What does it look like to walk the walk rather than just talking the talk?
Today I felt like drawing. I grabbed some large sheets of paper and my charcoal box and got to work in the garden.
Moments later miss 8 asked if she could draw too. I showed her the media and gave her some paper and walked away to see what might happen. She drew a beautifully expressive drawing of the Japanese maple. I showed her how to spray the drawing to stop further smudging and we enjoyed the process in the sunshine.
It got me thinking though. If I hadn’t gone outside to draw, might she have drawn on her own? If she hadn’t seen my big sweeping lines, might she have tried drawing at such a large scale? If I hadn’t provided the new media, might she have tried it?
What if I hadn’t acted on that feeling? (I didn’t really have an end product in mind today – I just knew I wanted to try drawing in large scale in the garden).

Some of the best work I have ever gotten out of students is through learning alongside them and modeling the ‘wonderful what if’. Playing with lights for timelapse photography, playing with water for long exposure photography, giving myself mad writing challenges (100 haiku in 100 days was a fun one), freezing flowers to see what might happen, drawing with new tools, playing with new pedagogy and telling them, ‘this class is an experiment – I’m testing out a theory’ (the harkness method worked so well) and modeling the ‘seeing what is possible’ attitude of a lifelong learner.

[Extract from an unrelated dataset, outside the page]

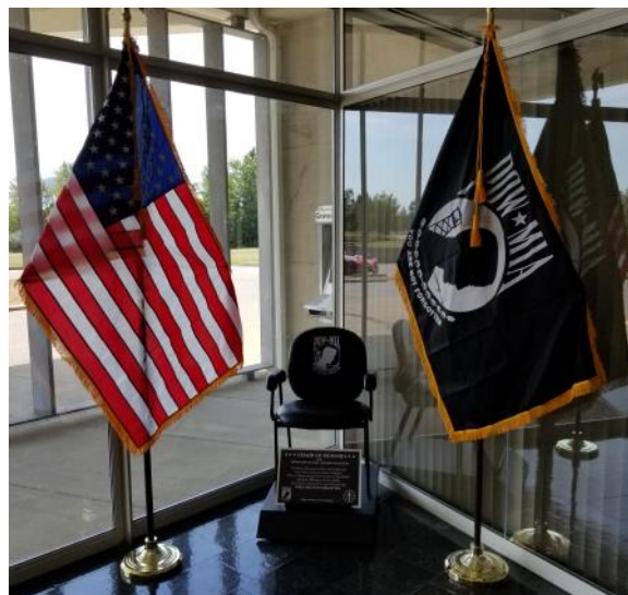
Indiana Veterans Memorial Cemetery September 14, 2019

If we want our learners to embrace failure, thrive with experimentation and innovation, push the envelope with their thinking, write like real writers and tinker like real inventors then we have to model it.

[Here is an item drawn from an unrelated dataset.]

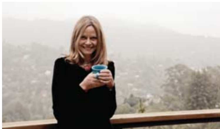
Author Joyce Maynard

So this post is a challenge. If you wonder something, wonder it out loud and chase the answers. Share the process. Think out loud. Model lifelong learning. Model open wondering. Model metacognition and think about your thinking out loud. Model writing. Model reading. Model the things that are important.
Because you never know, for you it might just be a little wondering, but in that same moment someone small might be taking notice. And that small thing they take notice of could grow into something big.

P.S. My only regret is that her paper was so scrunched (we took it out of the craft cupboard from a pile of other things). Mental note: buy more big paper.